• **DATA SEGMENT**
_ _ _ _ _ _ _

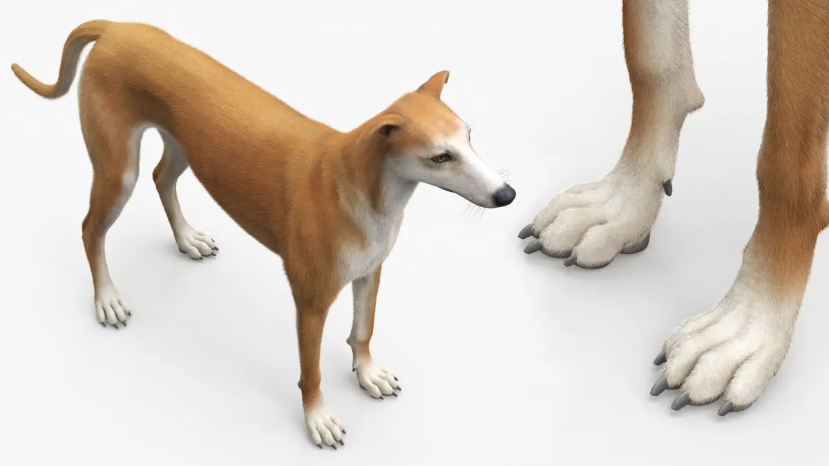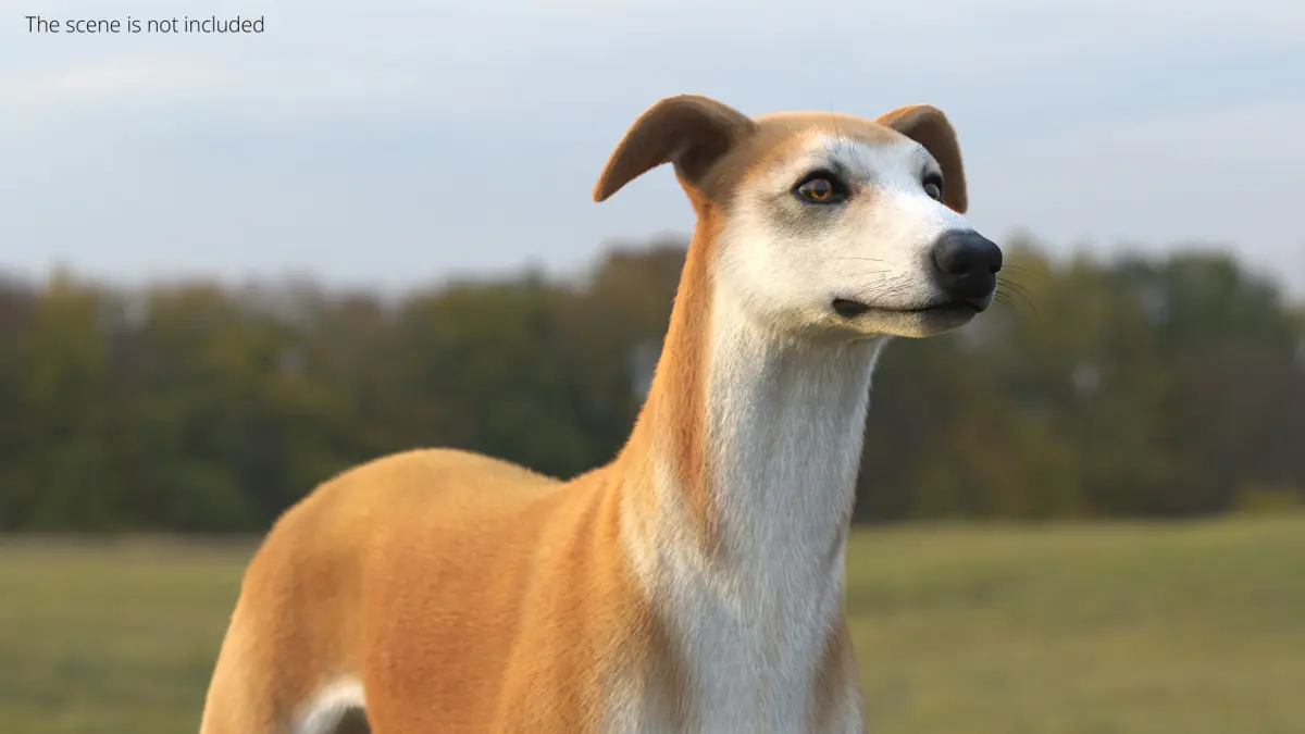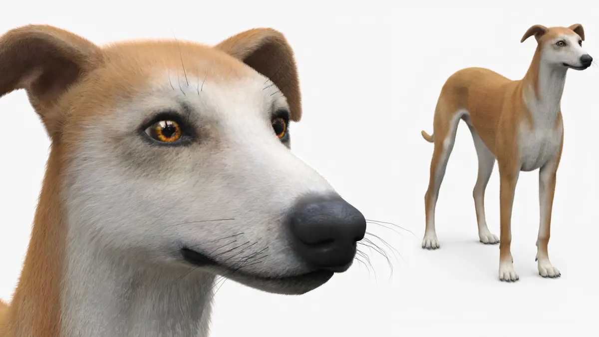 Adult Racing Greyhound Male Fawn Fur for Maya is a three-dimensional model of Greyhound (Canis lupus familiaris), that is a slender, athletic breed known for its exceptional speed and graceful posture.
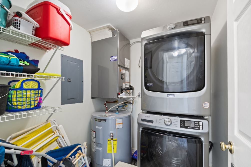 The large, laundry room contains a extra-large capacity Maytag front loading washer and dryer and additional storage space. A full-size iron and ironing board are also provided.
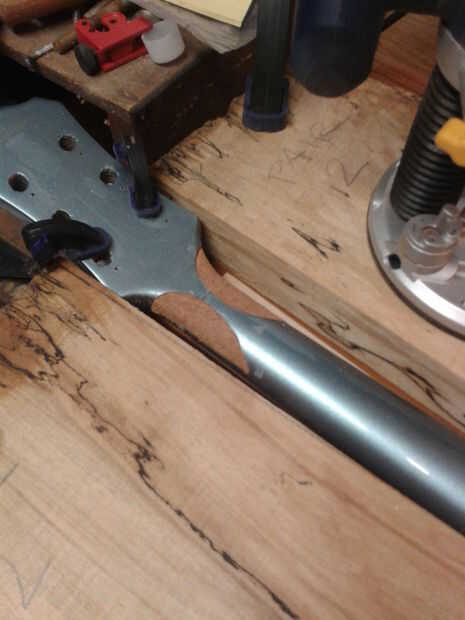 Qué vamos a hacer es hacer una ruta de poca profundidad (no tan profunda como el alma) en toda la nuca. Los mismos principios se aplican como antes, sin esquinas y todo eso. Sólo utilicé una regla cualquiera de los extremos. Esto será no sólo sirven para reforzar aún más el cuello, pero también para ocultar los huecos potencialmente desagradables que pueda haber creado con no bastante conseguir sus bloques perfectos. Por lo poco de la madera original seguirá siendo, no importa.

_ _ _ _ _ _ _

Output the listing above in full, exactly. No images.

• **ANSWER AREA**
 Adult Racing Greyhound Male Fawn Fur for Maya is a three-dimensional model of Greyhound (Canis lupus familiaris), that is a slender, athletic breed known for its exceptional speed and graceful posture.
 The large, laundry room contains a extra-large capacity Maytag front loading washer and dryer and additional storage space. A full-size iron and ironing board are also provided.
 Qué vamos a hacer es hacer una ruta de poca profundidad (no tan profunda como el alma) en toda la nuca. Los mismos principios se aplican como antes, sin esquinas y todo eso. Sólo utilicé una regla cualquiera de los extremos. Esto será no sólo sirven para reforzar aún más el cuello, pero también para ocultar los huecos potencialmente desagradables que pueda haber creado con no bastante conseguir sus bloques perfectos. Por lo poco de la madera original seguirá siendo, no importa.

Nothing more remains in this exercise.